### ABOUT THIS EXERCISE
Leaving pictures aside, set down each line exactly, from the first line of the data to the line with "福建金葉紙品有限公司回收煙箱識別設(shè)備詢價項目", both included.
....
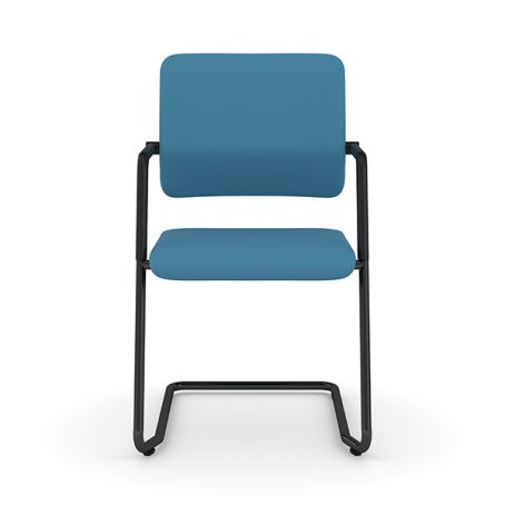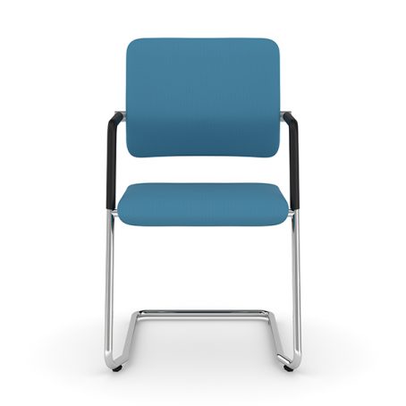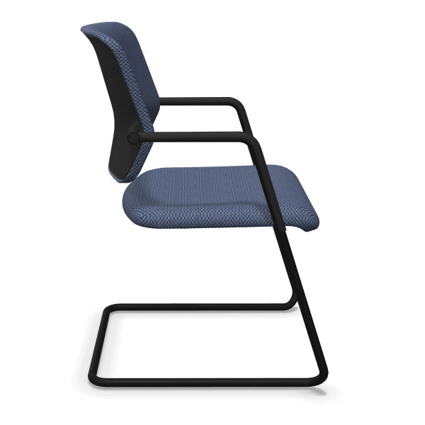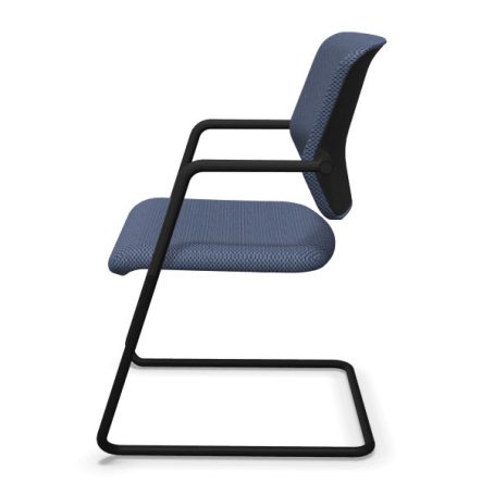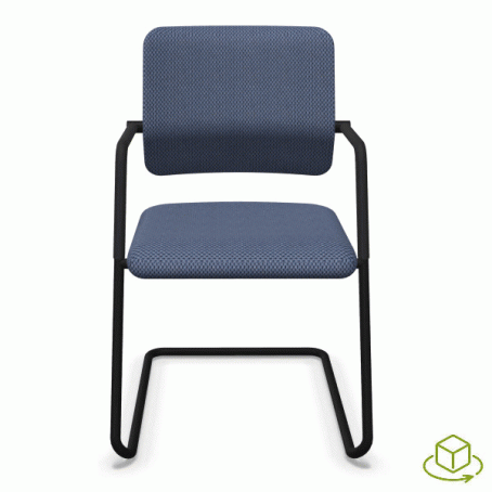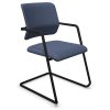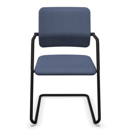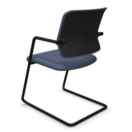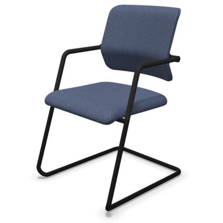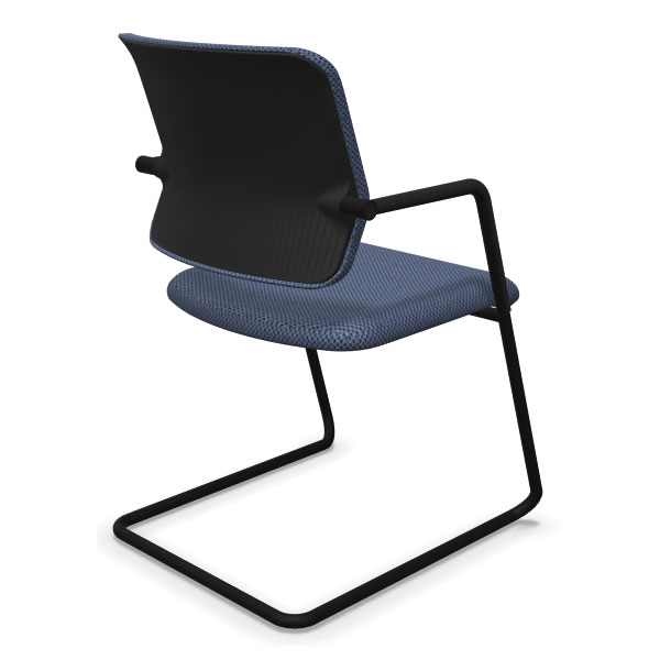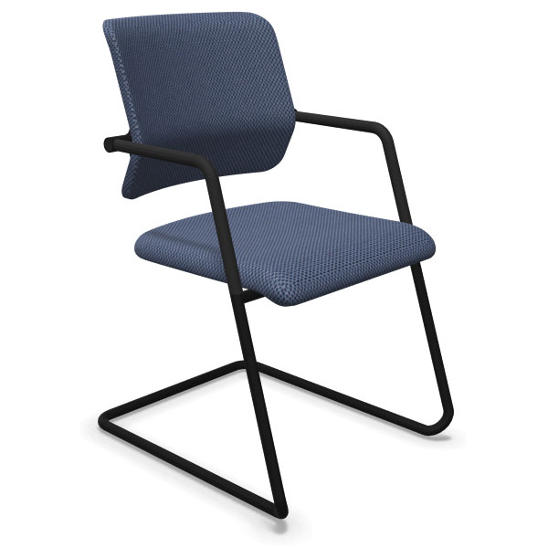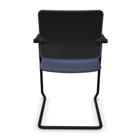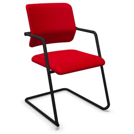 Structure piétement luge en tube d’acier rond, Ø 22 mm. Contre-coque de l’assise et du dossier en polyamide. Assise capitonnée en mousse de polyuréthane haute résilience, dossier en maille tendue sur coque sans mousse. Accoudoirs avec manchettes en PP noires.
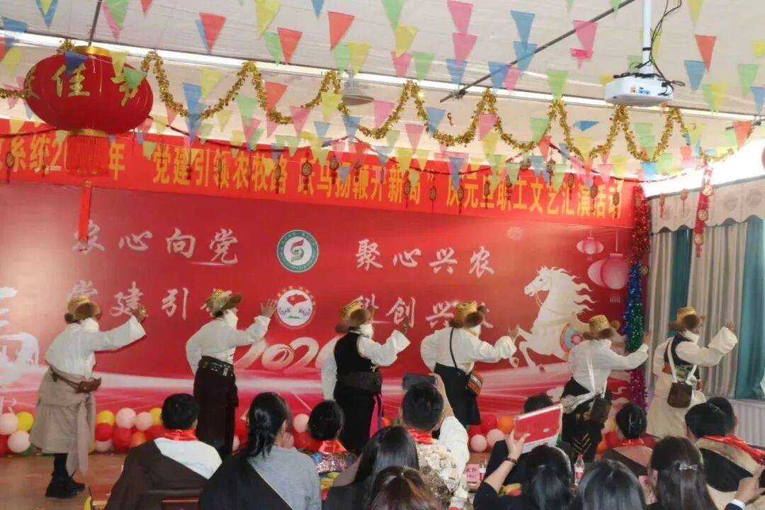 活动紧扣“党建引领农牧路 跃马扬鞭开新局”主题,以文艺形式凝聚人心、展望未来。汇演在热情澎湃的《锅庄舞》中拉开序幕,随后《扇子舞》《健康西藏行动起来》《相亲相爱》及《舞蹈串烧》等节目精彩呈现,充分展现了干部职工多才多艺、昂扬向上的风貌。活动中还穿插了知识竞赛、“开盲盒”“传糌粑”等趣味环节,以及诙谐的《三句半》表演,有效增强了互动性与团队凝聚力。最终,演出在深情演绎的舞蹈《共产党的恩情沉甸甸》中圆满落幕,抒发了干部职工对党的忠诚与感恩的真挚情感。
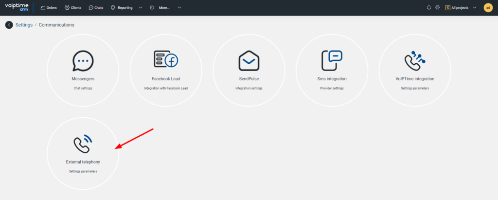 7. Next, set up integration from the CRM system. To do this, you need to configure integration with an external telephony service. In your VoIPTime CRM personal account, go to the “Integrations” section in the settings.
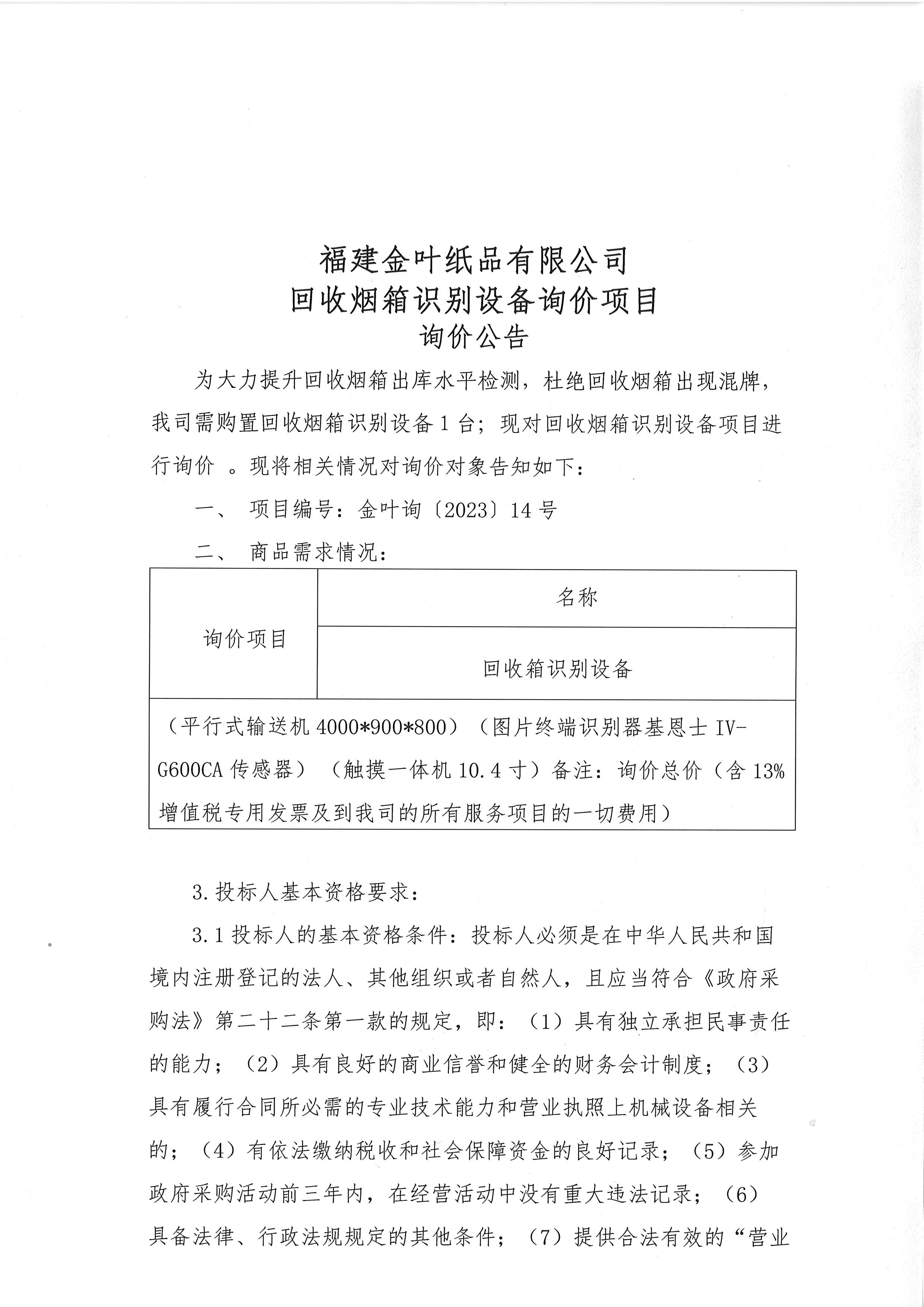 福建金葉紙品有限公司回收煙箱識別設(shè)備詢價項目
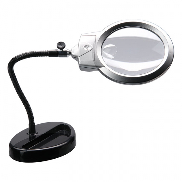 Настольная лупа с LED подсветкой широко применяется в радиомонтажных и ювелирных мастерских, в косметологических кабинетах, при работах с документами, в бытовых целях - для чтения, рисования, шитья, вышивания и т. д. Имеются две линзы: основная (диаметр 107 мм) с увеличением 2,25 крат и дополнительная (диаметр 25 мм) с увеличением 5 крат. В качестве подсветки используются 2 ярких светодиода, питание осуществляется от трех батареек типа ААА (в комплект не входят). Гибкая штанга (длина 25 см) позволит точно установить лупу на удобном для наблюдения расстоянии. В пластиковом корпусе основания находится металлическая вкладка, в которую вкручивается штанга - для долговечной эксплуатации и предотвращения опрокидыванию. Также имеется лоток для мелких принадлежностей.
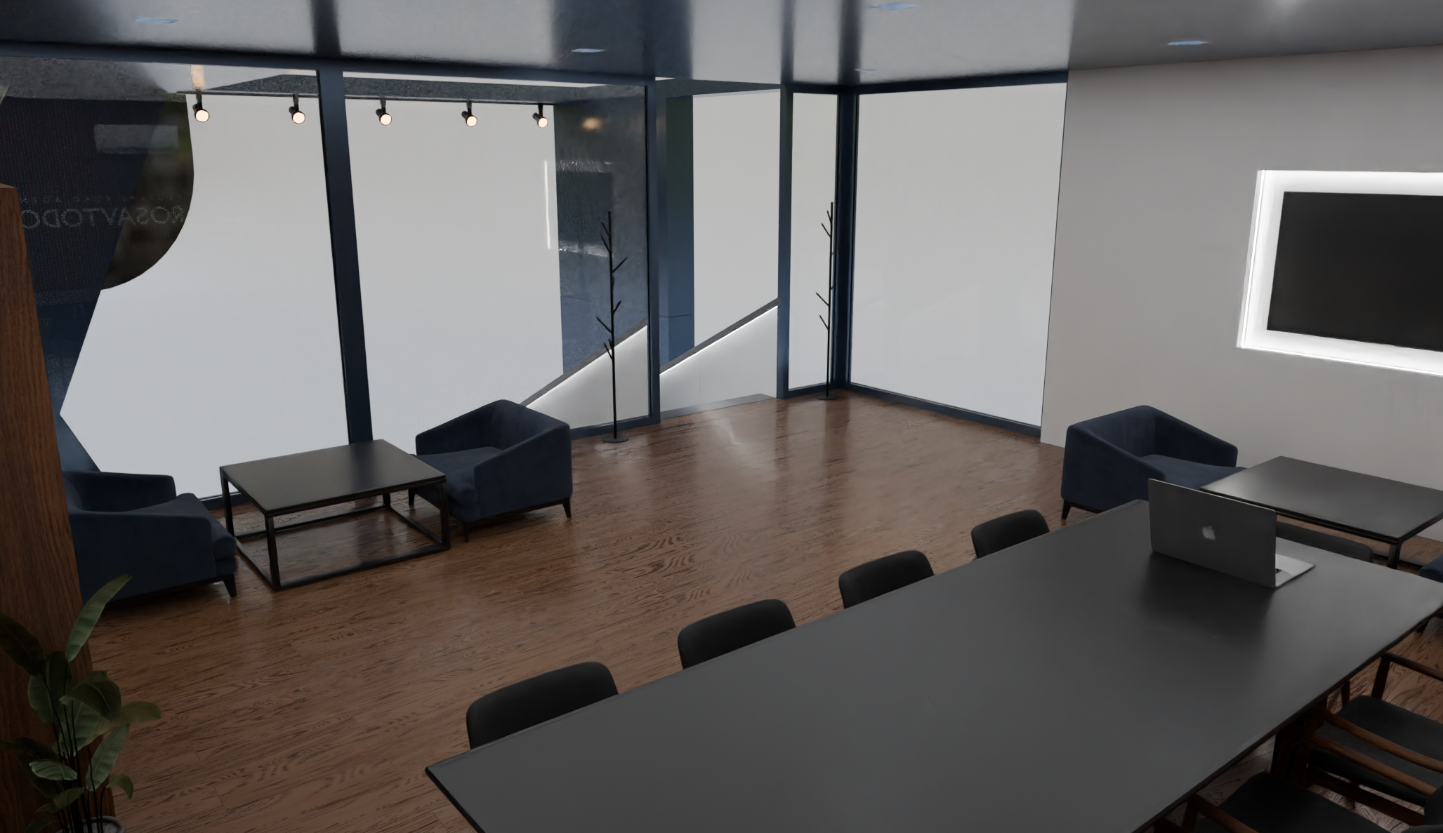 Ключевыми элементами выступают фирменные цвета компании: синий и серый, создающие ощущение надёжности и уверенности. Интерьер стенда оснащен светодиодной подсветкой и крупными экранами, демонстрирующими интерактивные презентации проектов. Просторные проходы и удобная навигация делают посещение стенда приятным и полезным для каждого гостя.
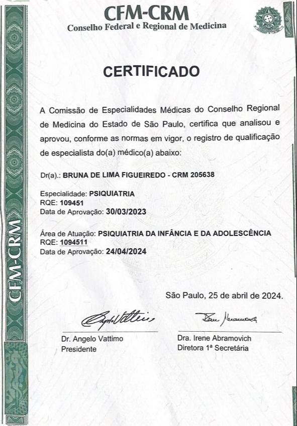 9 opiniõesDra. Bruna de Lima Figueiredo Oliveira, médica formado pela Uniara, possui uma sólida formação em psiquiatria, tendo completado sua residência médica na tradicional Faculdade de Medicina de Marília (FAMEMA). Com uma dedicação especial à saúde mental da infância e adolescência, Dra. Bruna de Lima Figueiredo aprofundou seus conhecimentos ao realizar uma subespecialização em psiquiatria da infância e adolescência na Universidade de São Paulo(USP-RP), campus de Ribeirão Preto. Além de seu enfoque na saúde mental de jovens, também realiza atendimentos a adultos, proporcionando uma abordagem abrangente no cuidado psiquiátrico. Sua trajetória acadêmica e profissional reflete um compromisso com o bem-estar emocional e psicológico de todas as faixas etárias, buscando sempre oferecer um acolhimento humanizado e uma intervenção integrada nas questões relacionadas à saúde mental.
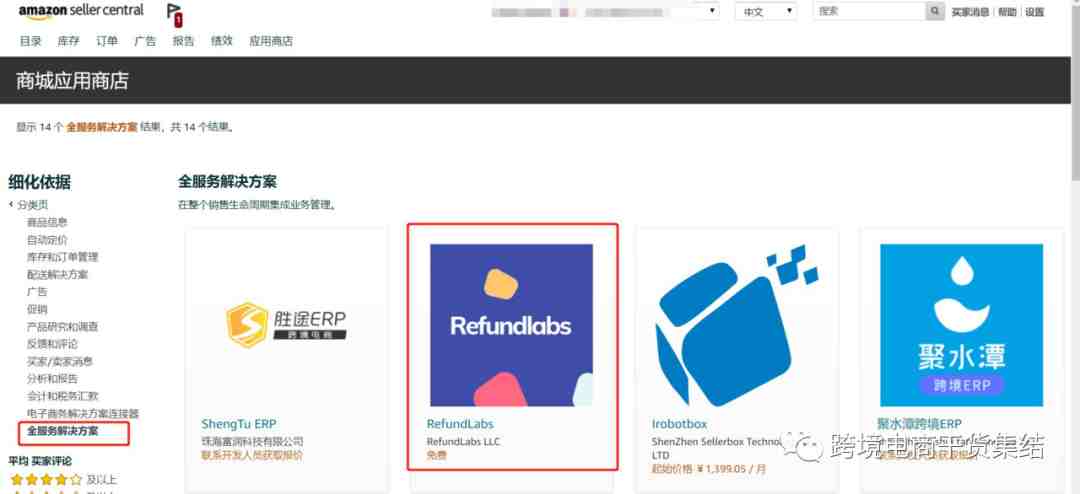 这个软件在亚马逊的商城应用商店,全服务解决方案分类是可以直接找到Refundlabs.也就是这是一个官方认可的SPN服务商,亚马逊官网也非常支持各位卖家朋友绑定使用退款管家的功能,进行亚马逊索赔,争取本来就属于属于自己的利益。
....
### REPLY TO THE TASK
 Structure piétement luge en tube d’acier rond, Ø 22 mm. Contre-coque de l’assise et du dossier en polyamide. Assise capitonnée en mousse de polyuréthane haute résilience, dossier en maille tendue sur coque sans mousse. Accoudoirs avec manchettes en PP noires.
 活动紧扣“党建引领农牧路 跃马扬鞭开新局”主题,以文艺形式凝聚人心、展望未来。汇演在热情澎湃的《锅庄舞》中拉开序幕,随后《扇子舞》《健康西藏行动起来》《相亲相爱》及《舞蹈串烧》等节目精彩呈现,充分展现了干部职工多才多艺、昂扬向上的风貌。活动中还穿插了知识竞赛、“开盲盒”“传糌粑”等趣味环节,以及诙谐的《三句半》表演,有效增强了互动性与团队凝聚力。最终,演出在深情演绎的舞蹈《共产党的恩情沉甸甸》中圆满落幕,抒发了干部职工对党的忠诚与感恩的真挚情感。
 7. Next, set up integration from the CRM system. To do this, you need to configure integration with an external telephony service. In your VoIPTime CRM personal account, go to the “Integrations” section in the settings.
 福建金葉紙品有限公司回收煙箱識別設(shè)備詢價項目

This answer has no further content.